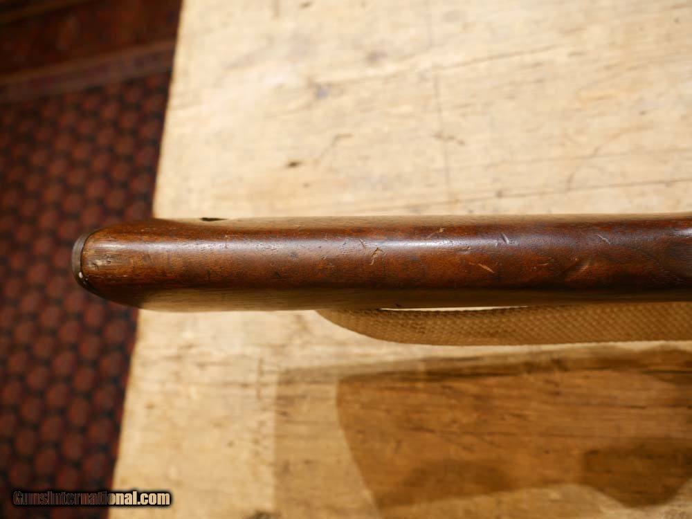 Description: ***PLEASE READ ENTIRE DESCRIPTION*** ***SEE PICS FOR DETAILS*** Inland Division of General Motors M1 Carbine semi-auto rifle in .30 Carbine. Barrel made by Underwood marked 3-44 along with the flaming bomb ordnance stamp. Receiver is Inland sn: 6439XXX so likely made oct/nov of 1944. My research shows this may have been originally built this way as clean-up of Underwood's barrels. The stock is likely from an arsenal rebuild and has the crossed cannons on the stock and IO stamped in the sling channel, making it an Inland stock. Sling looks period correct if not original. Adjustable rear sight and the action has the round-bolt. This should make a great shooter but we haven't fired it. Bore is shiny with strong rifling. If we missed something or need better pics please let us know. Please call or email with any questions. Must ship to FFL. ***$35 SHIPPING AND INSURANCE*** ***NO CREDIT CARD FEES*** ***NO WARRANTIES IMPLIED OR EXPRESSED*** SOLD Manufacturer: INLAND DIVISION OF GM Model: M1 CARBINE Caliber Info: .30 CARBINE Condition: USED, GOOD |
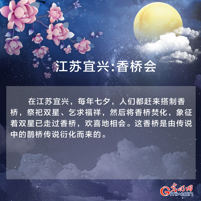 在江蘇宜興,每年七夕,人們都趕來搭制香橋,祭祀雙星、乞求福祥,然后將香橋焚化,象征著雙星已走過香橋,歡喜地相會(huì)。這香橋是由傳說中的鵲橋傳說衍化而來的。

*-*-*

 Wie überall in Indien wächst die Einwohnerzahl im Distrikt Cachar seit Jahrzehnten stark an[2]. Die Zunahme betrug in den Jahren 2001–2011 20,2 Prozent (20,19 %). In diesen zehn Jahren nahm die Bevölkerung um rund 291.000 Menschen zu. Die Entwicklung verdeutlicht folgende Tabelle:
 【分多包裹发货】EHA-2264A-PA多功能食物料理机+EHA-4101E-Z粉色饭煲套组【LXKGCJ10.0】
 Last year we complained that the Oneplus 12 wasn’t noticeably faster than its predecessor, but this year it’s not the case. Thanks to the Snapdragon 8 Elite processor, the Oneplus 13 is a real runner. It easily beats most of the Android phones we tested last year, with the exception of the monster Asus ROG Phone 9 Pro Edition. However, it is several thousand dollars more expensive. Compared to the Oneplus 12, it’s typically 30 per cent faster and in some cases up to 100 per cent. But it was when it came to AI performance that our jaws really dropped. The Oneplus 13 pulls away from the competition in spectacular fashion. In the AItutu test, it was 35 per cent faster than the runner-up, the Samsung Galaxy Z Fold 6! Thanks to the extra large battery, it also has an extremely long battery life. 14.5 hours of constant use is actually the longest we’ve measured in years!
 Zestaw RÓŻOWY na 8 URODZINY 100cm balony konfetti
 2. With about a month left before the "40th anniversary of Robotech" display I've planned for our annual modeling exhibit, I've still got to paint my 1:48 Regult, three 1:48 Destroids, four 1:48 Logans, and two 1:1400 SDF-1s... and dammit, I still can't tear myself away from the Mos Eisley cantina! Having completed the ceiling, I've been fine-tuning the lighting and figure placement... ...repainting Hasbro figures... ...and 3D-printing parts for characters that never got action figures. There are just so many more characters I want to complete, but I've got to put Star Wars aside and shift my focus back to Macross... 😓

*-*-*

WORK INSTRUCTIONS.
Copy out each line of the data that has the word "more" in it.

THE ANSWER.
 Last year we complained that the Oneplus 12 wasn’t noticeably faster than its predecessor, but this year it’s not the case. Thanks to the Snapdragon 8 Elite processor, the Oneplus 13 is a real runner. It easily beats most of the Android phones we tested last year, with the exception of the monster Asus ROG Phone 9 Pro Edition. However, it is several thousand dollars more expensive. Compared to the Oneplus 12, it’s typically 30 per cent faster and in some cases up to 100 per cent. But it was when it came to AI performance that our jaws really dropped. The Oneplus 13 pulls away from the competition in spectacular fashion. In the AItutu test, it was 35 per cent faster than the runner-up, the Samsung Galaxy Z Fold 6! Thanks to the extra large battery, it also has an extremely long battery life. 14.5 hours of constant use is actually the longest we’ve measured in years!
 2. With about a month left before the "40th anniversary of Robotech" display I've planned for our annual modeling exhibit, I've still got to paint my 1:48 Regult, three 1:48 Destroids, four 1:48 Logans, and two 1:1400 SDF-1s... and dammit, I still can't tear myself away from the Mos Eisley cantina! Having completed the ceiling, I've been fine-tuning the lighting and figure placement... ...repainting Hasbro figures... ...and 3D-printing parts for characters that never got action figures. There are just so many more characters I want to complete, but I've got to put Star Wars aside and shift my focus back to Macross... 😓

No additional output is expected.